Forward momentum is food growing and a heartbeat that runs through me. It brings me to ground, a pounding of now, of lungs and each other and potential. Seeing fruit and food, imagining taste, color, and cooking, and feeling my feet on the ground, I can only move forward in awe and wonder. Seeing red, seeing orange, seeing yellow, seeing green; I see the piles and piles of fruit amassing, and they return me to the earth of my practice, to the vibrancy of now. Running, I remember the rhythm of breathing like eating; that everything runs on a current, a line, a thread, a heart of aliveness, a precious beat that speaks to some continuity, something that sparks us to move.
Meditate on the nature of food, of what’s nourishing and it will tell you the story of the heart of creating. How the nature of life is a conversation, and about what drives you forward and onward, as in digestion, as in miles run, as in heartbeat, what slows you down. Like soil, like hungry mouth opening, everything that we bring in brings us depletion, restoring, or no change: thoughts, draw in from ideas, meals, sounds, posture, each other, images. To pay attention is to honor the labor, each other, yourself, to notice the generous heart of an earth gives us not just one thing to eat, but so many.
Meanwhile, something touches you, moves through you: the invisible made tangible, the trees and mycelium in tandem, the atmosphere conspiring with cells, each other, to keep living. Your lungs, and birds’ wings, floating on air currents.
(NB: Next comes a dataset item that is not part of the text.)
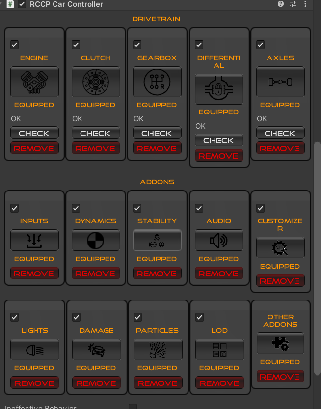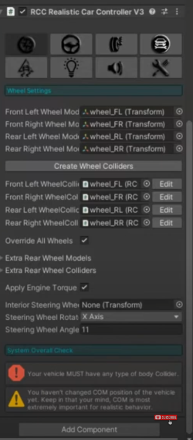 Merhaba arkadaşlar açık dünya bilgisayar araba oyunu geliştirmek için Unity oyun motorunda olan Realistic Car Controller assestini satın aldım, araç kurulumu vs. aslında çok kolay fakat karışık geldiği için tutorial izlemeye karar verdim. İnternette Realistic Car Controller tutorial'ı var fakat benim satın aldığım assest "Realistic Car Controller Pro v1.44.0"; bunun herhangi bir tutoriali yok ve nasıl yapacağım hakkında çok kararsız kaldım. Normalde araç modelini atar component'den, controller scriptini eklersiniz ve tekerlekleri vs. seçip yerlerine atarsınız. Tutorial'da da aynen bu şekilde yapıyor fakat benim assestimde bunun yerine ekte gördüğünüz gibi tekerlek kısmı yerine dinamik, motor, ses gibi daha gelişmiş şeyler var. Assestin demosunu kuruyorum aracı haritayı falan atıyor fakat araç yine hareket etmiyor. İlk görselde gördüğünüz bende olan, ikinci ise tutoriallarda olan. Bu arada demo kuruyorum dedim ya herhangi bir tuş yerine ui atanmış mobil için fakat uiler çalışmıyor bazıları gözükmüyor.

The sunlight, streaming through the window, brings you up and out of a winter depression. “Your great mistake is to act the drama / as if you were alone”, David Whyte writes. Look up: sky, light. Look down: fruit in the ground, growing. Notice vibrancy, notice gravity, holding you into life, onto the ground. Cut a lemon, look forward, and run into the day.
Nourished By, Nourishing:
Basked in the power of art and awe at Yoko Ono’s Wish Tree this past weekend, then walked to Kitchen Arts and Letters. Breathing deeply, laughing more, and listening to this February playlist and reading How to Cook a Wolf by MFK Fisher.